Семён Андреевич Перебейнос оказался столь любезен.
Они выпили.
И заели.
— Так вот, знаете ли вы, что подобного рода оружие сделано не тяп на ляп? — поинтересовался Мистер Барокко. — Ну, разумеется, знаете. Так вот, не могу я понять того, что вы не можете понять очевидных вещей! Да пусть та ракета сто раз на баржу падала, да пусть с высоты в двадцатиэтажный дом — ни один заряд не мог сдетонировать от удара. Просто смешно! Это ведь вам не петарда новогодняя, это ядерные боезапасы общей мощностью в двадцать мегатонн тротилового эквивалента! Чтобы пошла ядерная реакция — нужно добиться критической массы. От несчастного удара по барже, да ещё и под защитой общей оболочки ракеты — взрыва ну никак произойти не могло!
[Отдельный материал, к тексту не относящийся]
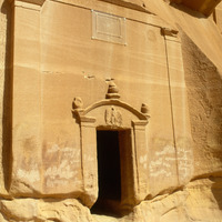 Saudi Arabia. Mada'in Saleh, Qasr al-Bint, tomb on south end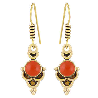 Home | Fashion Earrings | Brass Gemstone Earrings | Alluring Oxidised Work Around Carnelian Round Shape Solid Brass Dangle Earrings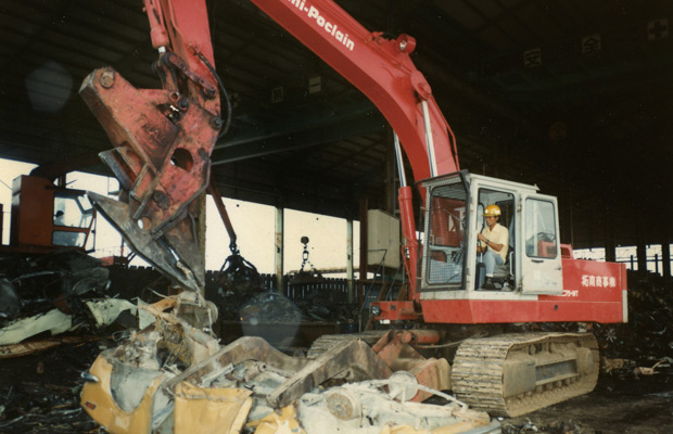 1980年油谷重工為滿足用戶需求開發(fā)銷售了國產(chǎn)首臺(tái)裝載固定式切割機(jī)的汽車解體機(jī)。利用夾鉗臂按住物體,切割機(jī)進(jìn)行切割的汽車解體機(jī)與過去依賴人工的方法相比,在作業(yè)效率和安全性能上得到了全面的提升。并為此后的多功能汽車解體機(jī)和發(fā)動(dòng)機(jī)解體機(jī)的誕生打下了堅(jiān)定的基礎(chǔ)。

— То е гарно, добродию, — принялся делиться мыслями Семён Перебейнос. — Алэ ж тий ракети було рокив бильше, ниж всим моим свыням в хливи разом узятым! З симыдысятых рокив ще. Не дывно, що вона хэранула.
— Да, Семён прав, — подхватил Градов. — Чем старше становится оружие, тем больше вероятности непроизвольных детонаций.
— Согласен, — поддакнул лысый.
— А вот и нет! — не отступался Мистер Барокко. — И вообще, эта умственно-отсталая формулировка с порванным тросом. Там после взрыва кратер размером с Одессу образовался, как они тот трос нашли? Не, ну за кого они нас принимают?
— За что-что, а за трос я бы не переживал, — доверительно сообщил пигментно-лысый. — Не думаю, что за погрузкой ядерных боеракет не наблюдали с орбиты. Чтобы зафиксировать неполадку достаточно и наших технологий. А что уж говорить про дагонские?
— Наши спутники только засорять космос способны и на Землю падать не догорев в атмосфере! — фыркнул Мистер Барокко. — Процитирую всё того же Декарта: «Истинно все то, что „ясно и отчётливо“ мыслится или имеет математическое выражение». Я не вижу в этой ситуации ни ясности, ни отчётливости. Одни загадки и дебильные домыслы. Дагонцы впаривают нам фуфел вместо правды, а мы, как последние остолопы жрём этот фуфел и при этом улыбаемся во весь рот!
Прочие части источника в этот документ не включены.